Passing lanes on many New Zealand highways are inherently unsafe. The current policy of one kilometre long passing lanes is the problem. For many drivers, a kilometre is long enough to start a race, but not long enough to safely finish the race. It would be better to have passing lanes at least five kilometres long, even if that means fewer such lanes.

Road markings and signage are sadly deficient on most New Zealand roads. No passing lines are often misleading and just plain inappropriate. When I observe no passing lines, I often wonder if the person(s) making the decisions about where to put the paint, has ever driven on a road with traffic coming the other.

Road crash investigation is another area requiring a new approach.

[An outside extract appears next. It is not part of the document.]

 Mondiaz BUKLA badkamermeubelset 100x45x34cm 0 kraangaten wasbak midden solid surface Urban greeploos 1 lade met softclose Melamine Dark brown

The motive for investigation appears to be to find fault and to prosecute. The objective should be to find the primary and contributory causes so that the chances of a similar accident in the future can be reduced or even eliminated. During investigation, a closer look at drivers is a must; what have they been doing in the hours leading up to the accident? How much driving experience have they have got in total and with the vehicle involved? How many previous accidents and/or infringements have they got? Did they learn to drive with a driving school and a professional driver, or did they learn from friends or family? These should be key questions for investigators. However, many of these questions will remain unanswered unless drivers are required to record their driving activities and experience, the way pilots are required to record their flying.

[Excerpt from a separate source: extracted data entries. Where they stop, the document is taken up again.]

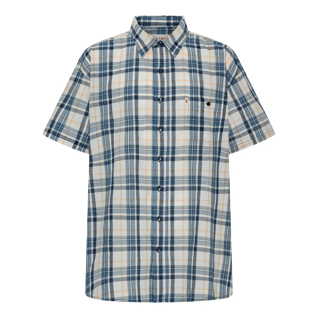 Kortærmet skjorte fra KAMRO med klassiske tern i blå, hvid og sandfarvet nuance. En behagelig og afslappet skjorte med almindelig krave og brystlomme – nem at style til både hverdag og fritid. Det alsidige design passer perfekt til jeans, chinos eller shorts, og farverne giver et frisk, sommerligt udtryk uden at blive prangende.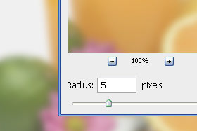 Kliknite zgoraj na Filter, Blur in izberite Gaussian Blur... V novem oknu določite Radius 5 pixels in kliknite na gumb OK. |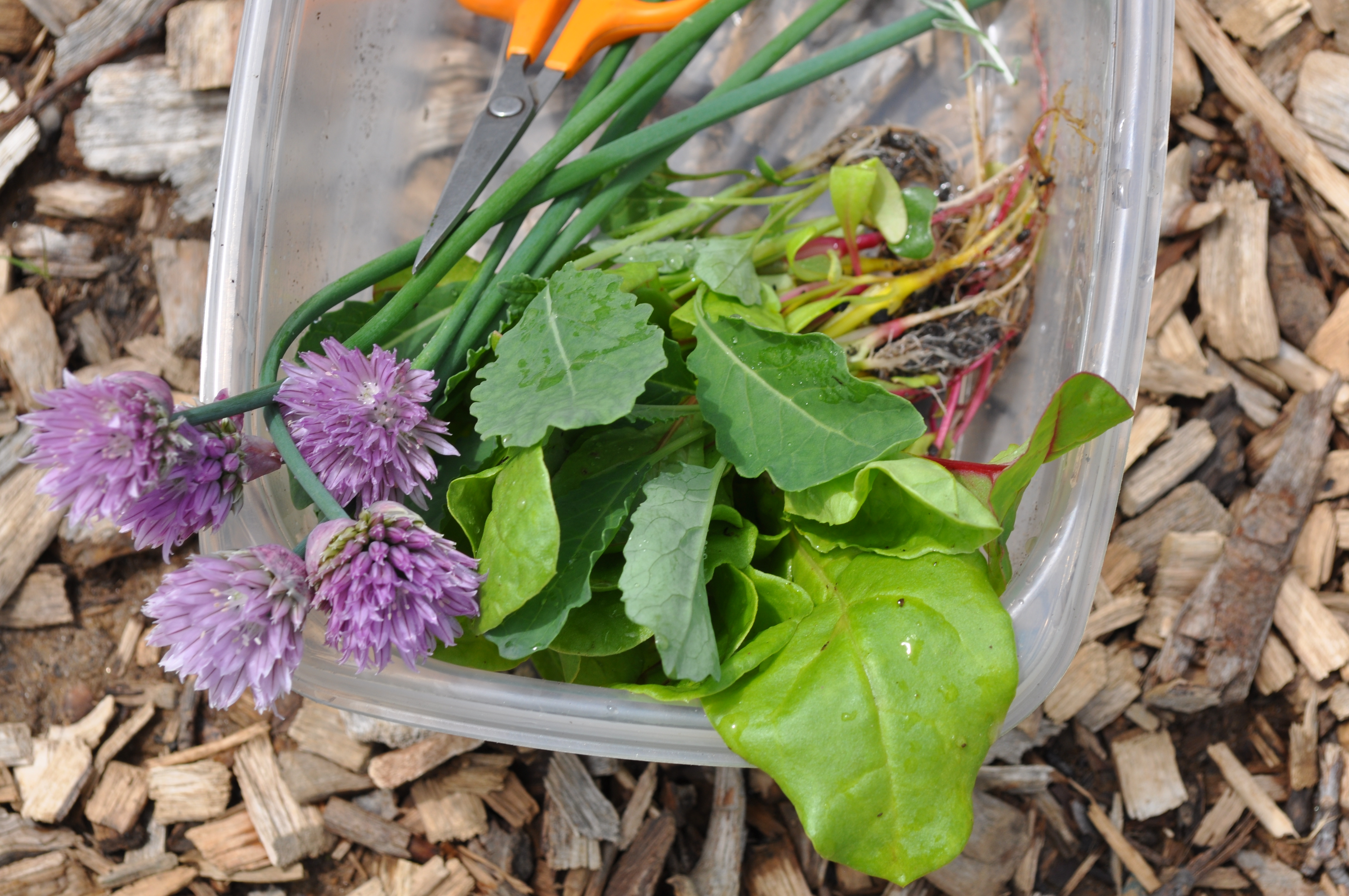 It’s always exciting when we switch from planting to harvesting. This year I am keeping a record of what we get, from the multiple sites where I have vegetables and herbs growing.

In the opening comments, mention was made of moving the emphasis from stick to carrot. We know that the payment of fines fall into two categories: some fines are paid as simply as buying a newspaper, and the offender keeps on offending. The fine is nothing. The second category has a backlog of unpaid fines because he/she cannot afford to pay any of them, and once again that offender, with nothing to lose, keeps on offending. Demerit points are another part of the stick that needs to go. Demerits are no deterrent to people who only drive an hour or two at weekends, and are unfair to professional drivers who face a greater range of demerit offences and driver on average five times the distance that average amateur drivers do. When a professional reach 100 demerit points he not only loses his licence but also his income. Clearly, fines and demerits don’t work as well as we would like.

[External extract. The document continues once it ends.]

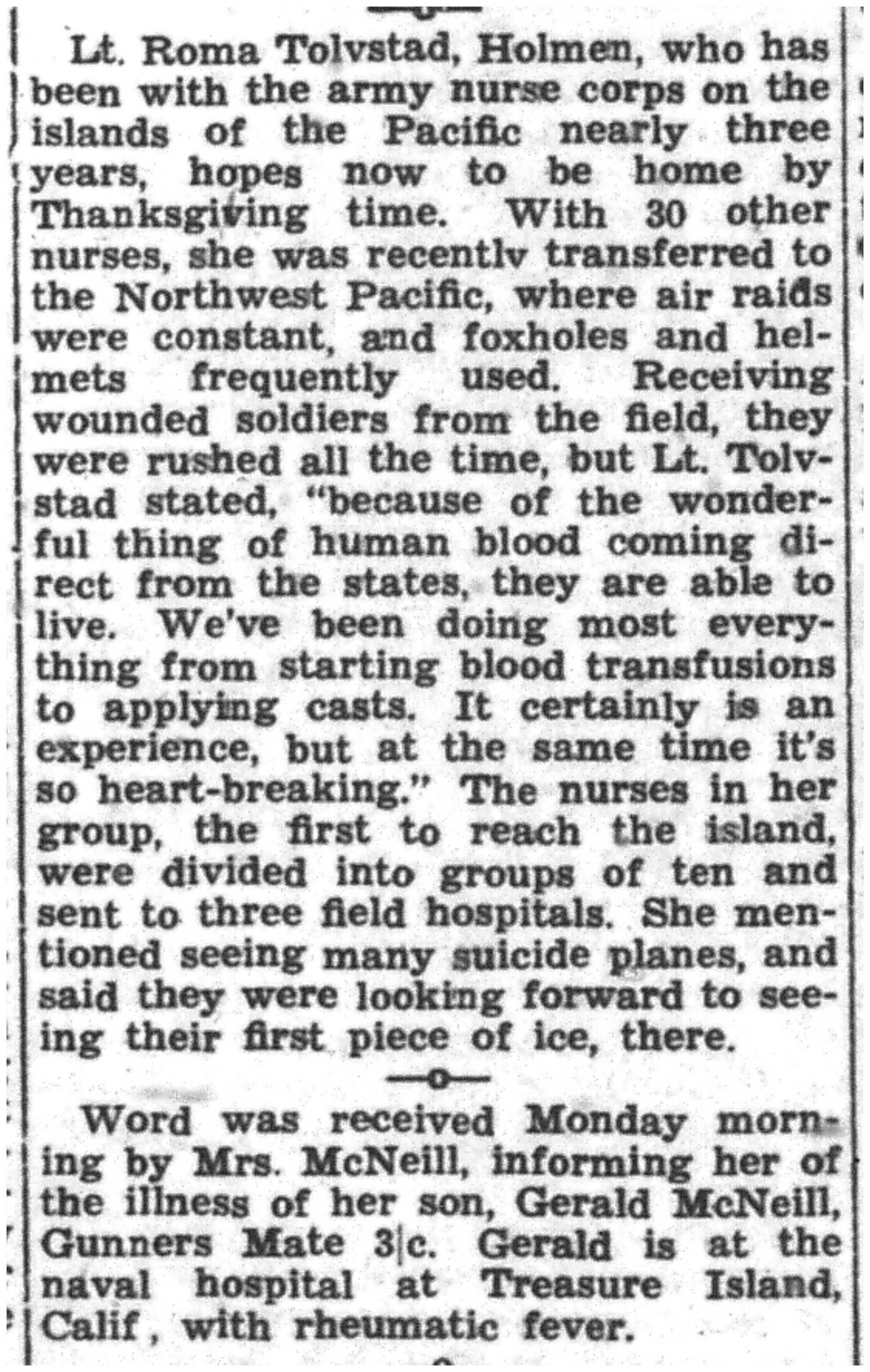 | 1945-7-9 | La Crosse Tribune p5 | |

So, here's the carrot. Every driver licence could carry a classification from say F to A with F being applied to the first full licence on issue. As drivers gain experience, without avoidable accidents or infringements, their licence could be upgraded to a higher class. A class A for example could apply to any driver who completes a million kilometres with no avoidable accidents or infringements – a true professional. Drivers would have to be constantly vigilant to avoid downgrading. This system would have benefits for professional drivers seeking employment and others required to drive a company vehicle as part of their work. Rental and insurance companies would look favourably on highly graded drivers. Such a system would be a real incentive for drivers to drive by the book with all the care and attention that driving calls for.

But you say, don’t worry about that, within five years manually-driven cars will be a thing of the past. Well, no. There will always be manually-driven cars. In all probability, it will be more than thirty years before fully automated cars outnumber others. Even the worst drivers will consider themselves safer than robots, so the motor vehicle, as we know it, is here for the long haul.

Meanwhile, the problems of road safety are not going to go away of their own accord. Only a concerted effort and some radical thinking are going to reduce the accident rate and save precious lives. The big question is, will the bureaucrats and politicians be brave enough and innovative enough to tackle it?